Un juge retraité de la Cour supérieure du Québec examine actuellement les dossiers personnels de tous les prêtres, qu'ils soient actifs ou retraités, de cinq diocèses du Québec afin d'y découvrir «tout possible indice d’abus sexuel sur des mineurs ou des personnes vulnérables».
L'archevêque de Montréal a confié, fin 2020, ce mandat de vérification au juge retraité André Denis. «Et pas seulement les prêtres», indique Mgr Christian Lépine. Les dossiers des «évêques, eux aussi» seront tous scrutés ainsi que ceux du personnel pastoral présentement en poste.
Depuis le mois de décembre, le juge retraité de la Cour supérieure du Québec a accès à tous ces documents personnels qui se trouvent aux évêchés de Joliette, Saint-Jean-Longueuil, Saint-Jérôme et Valleyfield, ainsi qu'à l'archevêché de Montréal.
«Je souhaite que le juge Denis nous dise, au meilleur de sa connaissance, s'il y a ou non des prêtres ou des évêques qui sont dans le ministère et pour lesquels il y aurait eu des allégations avec insuffisances de suivi ou de vérification», explique Mgr Lépine en entrevue téléphonique.
Si les dossiers révèlent que d'une ou des personnes sont soupçonnées d'actions inacceptables, «elles seront aussitôt suspendues pendant la tenue d’une enquête approfondie». Si les allégations ne sont pas fondées, le prêtre «retourne à son ministère».
«Avec moi, c'est tolérance zéro», déclare l'archevêque. «Si quelqu'un a été coupable d'abus sexuels contre des mineurs, il ne pourra plus exercer de ministère pour le reste de sa vie.»
Le 25 novembre 2020, lorsque la juge retraitée Pepita G. Capriolo avait dévoilé ce qu'elle avait découvert durant son enquête sur la réception des plaintes contre l'abbé Brian Boucher, condamné à la prison en 2019, Mgr Lépine avait annoncé qu'il entendait dorénavant examiner le contenu des dossiers personnels de tous les prêtres de son archidiocèse.
«On aurait bien pu mener ces vérifications à l'interne», reconnaît l'archevêque. «Mais le rapport Capriolo a mis en évidence qu'à l'interne, on a des limites, des fragilités et des lacunes.»

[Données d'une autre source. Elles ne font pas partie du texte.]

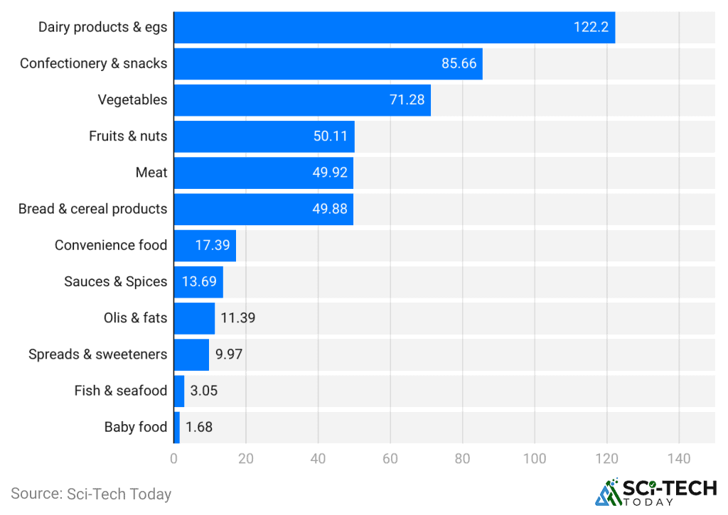 As of 2023, the highest per capita consumption of food products in the United States by type is for dairy products and eggs, resulting in 122.2 kilograms, followed by Confectionery and snacks and vegetables at 85.66 kilograms and 71.28 kilograms, respectively. Other food products followed in the list are fruits and nuts (50.11), meat (49.92), Bread and cereal products (49.88), convenience foods (17.39), sauces and spices (13.69), oils and fats (11.39), Spreads and sweeteners (9.97), Fish and seafood (3.05,) and baby food (1.68).

C'est pourquoi il n'a pas hésité à faire appel, de nouveau, à l'expertise d'un juge. «Un juge est capable de voir ce qu'il y a dans un dossier mais aussi ce qu'il manque. Si on a des devoirs à refaire ou des clarifications à obtenir, il va nous le faire savoir», dit l'archevêque.
Les évêques de Valleyfield, Saint-Jérôme, Joliette et Saint-Jean-Longueuil vont aussi recevoir un rapport relatif à leur propre diocèse du juge Denis. Ils se sont engagés à lui permettre d'avoir un accès complet aux dossiers de tous les prêtres qui y ont été incardinés (ordonnés par l'évêque diocésain) ou qui y ont oeuvré.
Mgr Lépine a confié un second mandat au juge retraité André Denis. Il lui a demandé, après la rédactions de ses rapports aux évêques diocésains, de réaliser un audit statistique relatif aux abus sexuels de tous les prêtres, vivants ou décédés, des cinq diocèses, toujours en se basant sur les informations déposées dans leurs dossiers. La période couverte va de 1940 à 2020. L'archevêque promet que «les résultats de cet audit statistique seront rendus publics».
Suivi au rapport Capriolo
Le lundi 15 février 2021, Mgr Christian Lépine a aussi annoncé que le comité de mise en œuvre des recommandations du rapport Capriolo a entrepris ses travaux le 12 janvier. Ce rapport compte 31 recommandations dont celle-ci: «qu'un seul dossier papier complet soit conservé à la chancellerie pour chaque membre individuel du clergé et que ce dossier soit immédiatement accessible à tous ceux qui ont un rôle de supervision» sur ce prêtre.
La juge recommande aussi «que le dossier individuel de chaque individu contienne une référence à tout document qui doit être conservé dans les archives secrètes». Les archives secrètes, des documents à consultation très restreinte, comprennent des «informations préjudiciables», comme des lettres de dénonciation ou des expertises professionnelles.
Douze personnes, dont la juge Pepita G. Capriolo, font partie de ce comité. Trois avocats en font aussi partie, une victime et survivant, ainsi que la professeure Karlijn Demasure, la directrice du Centre interdisciplinaire pour la protection des mineurs et des personnes vulnérables de l'Université Saint-Paul, une sommité mondiale sur la question des abus dans l'Église catholique.